● Problem details: Leave out the pictures and transcribe the rest of the records exactly.

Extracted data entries
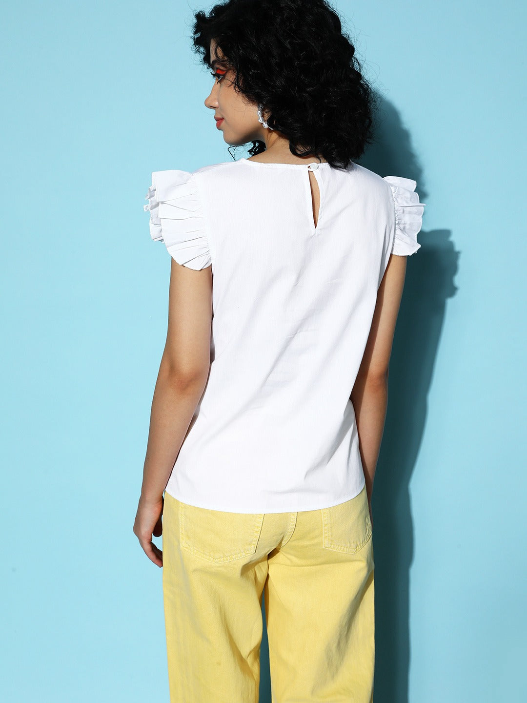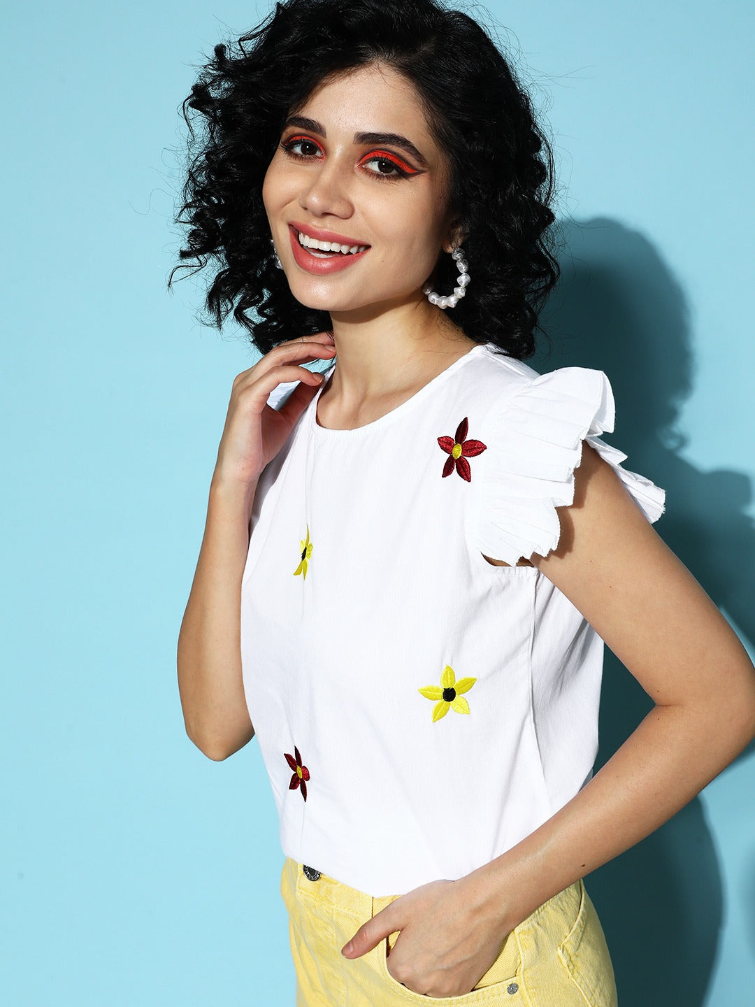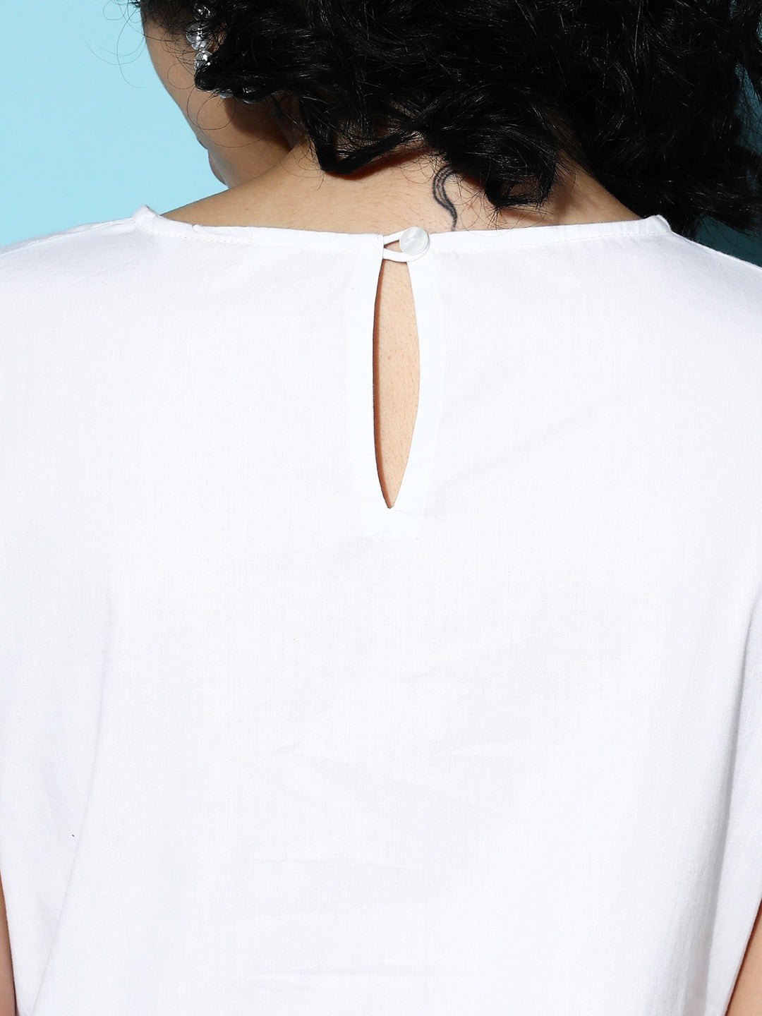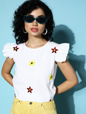 Re-edit your spring closet with radiant hues and flattering style elements by opting for this charming White and Maroon Floral Embroidered Round Neck Regular Top from Berrrylush. Showcasing refreshing maroon floral patterns throughout white shade that give this top a vibrant appeal followed by a pleasing vibe. The regular length lends this a modest style note with realistic touch and proper coverage of your upper body. Comes with woven detailing that offers your skin a super soft and irritation-free touch with flexible body movements. Meet your friends on weekend looking beautiful by wearing this top with your favourite jeans, block heels, pearl hoop earrings, and a cute side bag.
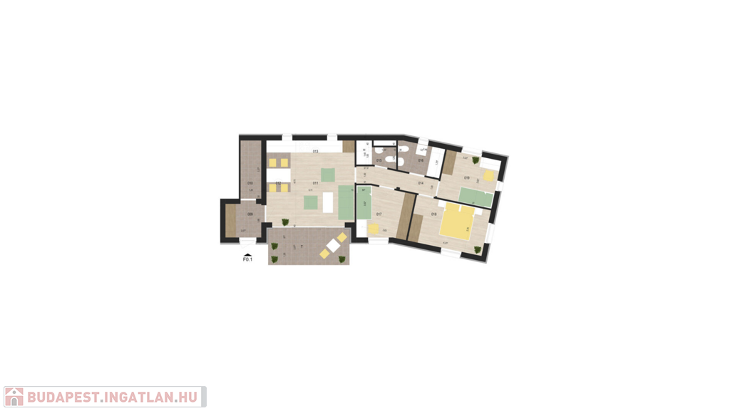 -Elrendezés: 3 szoba + amerikai konyhás nappali, külön fürdőszoba és külön WC.
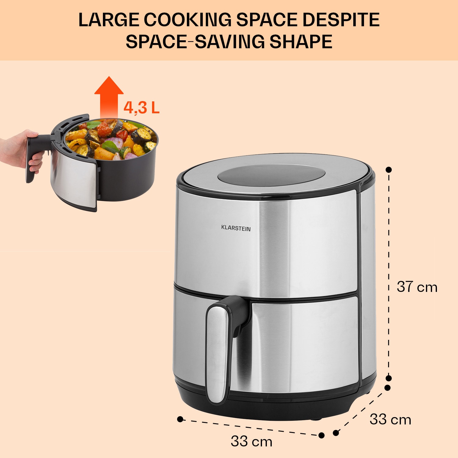 Raz, dva, tri, a je to chrumkavé! Teplovzdušná fritéza Pro-Crisp od Klarstein vám rýchlo a jednoducho pripraví fritované pochúťky, ako sú hranolky, kuracie krídla, krokety a mnoho ďalších, všetko s nízkym obsahom tuku, a teda zdravým spôsobom.Vďaka cirkulujúcemu horúcemu vzduchu fritéza Pro-Crisp frituje, pečie, griluje alebo opeká s výkonom 1500 W a jedlo pripravý šetrne a rýchlo zo všetkých strán. Rozmrazovanie nie je potrebné. Air Fryer s objemom 4,3 litra ponúka extra veľa priestoru na hranolky, kuracie stehná, ryby alebo zeleninu. Teplotu a čas prípravy môžete naprogramovať samostatne alebo použiť jeden z 8 prednastavených programov. Aby ste po jedle všetko rýchlo a jednoducho všetko zvládli, fritovacia nádoba je potiahnutá nepriľnavou vrstvou a dá sa vyčistiť za okamih. AJ nádoba a grilovací rošt sú vhodné do umývačky riadu. Objavte zdravý a chrumkavý spôsob fritovania s teplovzdušnou fritézou Pro-Crisp od Klarstein.
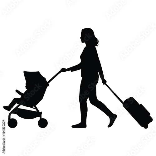 Silhouette of a mother pushing a baby in a stroller and pulling a suitcase, isolated on white background
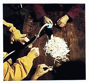 The three performers are sitting at a table. In front of each of them a pile of matches is placed and three ultrasound sensors measure the distance between the table surface and the sensor. The three sensors are adjusted above a table. Each performer begins to construct a tower out of matches within the measuring area of the sensors. She/he stops her/his activity when the tower collapses. The sensors measure the growth of the three match-towers. The result of the measurement is transformed by a computer into different sound parameters.

● Output of the exercise:
 Re-edit your spring closet with radiant hues and flattering style elements by opting for this charming White and Maroon Floral Embroidered Round Neck Regular Top from Berrrylush. Showcasing refreshing maroon floral patterns throughout white shade that give this top a vibrant appeal followed by a pleasing vibe. The regular length lends this a modest style note with realistic touch and proper coverage of your upper body. Comes with woven detailing that offers your skin a super soft and irritation-free touch with flexible body movements. Meet your friends on weekend looking beautiful by wearing this top with your favourite jeans, block heels, pearl hoop earrings, and a cute side bag.
 -Elrendezés: 3 szoba + amerikai konyhás nappali, külön fürdőszoba és külön WC.
 Raz, dva, tri, a je to chrumkavé! Teplovzdušná fritéza Pro-Crisp od Klarstein vám rýchlo a jednoducho pripraví fritované pochúťky, ako sú hranolky, kuracie krídla, krokety a mnoho ďalších, všetko s nízkym obsahom tuku, a teda zdravým spôsobom.Vďaka cirkulujúcemu horúcemu vzduchu fritéza Pro-Crisp frituje, pečie, griluje alebo opeká s výkonom 1500 W a jedlo pripravý šetrne a rýchlo zo všetkých strán. Rozmrazovanie nie je potrebné. Air Fryer s objemom 4,3 litra ponúka extra veľa priestoru na hranolky, kuracie stehná, ryby alebo zeleninu. Teplotu a čas prípravy môžete naprogramovať samostatne alebo použiť jeden z 8 prednastavených programov. Aby ste po jedle všetko rýchlo a jednoducho všetko zvládli, fritovacia nádoba je potiahnutá nepriľnavou vrstvou a dá sa vyčistiť za okamih. AJ nádoba a grilovací rošt sú vhodné do umývačky riadu. Objavte zdravý a chrumkavý spôsob fritovania s teplovzdušnou fritézou Pro-Crisp od Klarstein.
 Silhouette of a mother pushing a baby in a stroller and pulling a suitcase, isolated on white background
 The three performers are sitting at a table. In front of each of them a pile of matches is placed and three ultrasound sensors measure the distance between the table surface and the sensor. The three sensors are adjusted above a table. Each performer begins to construct a tower out of matches within the measuring area of the sensors. She/he stops her/his activity when the tower collapses. The sensors measure the growth of the three match-towers. The result of the measurement is transformed by a computer into different sound parameters.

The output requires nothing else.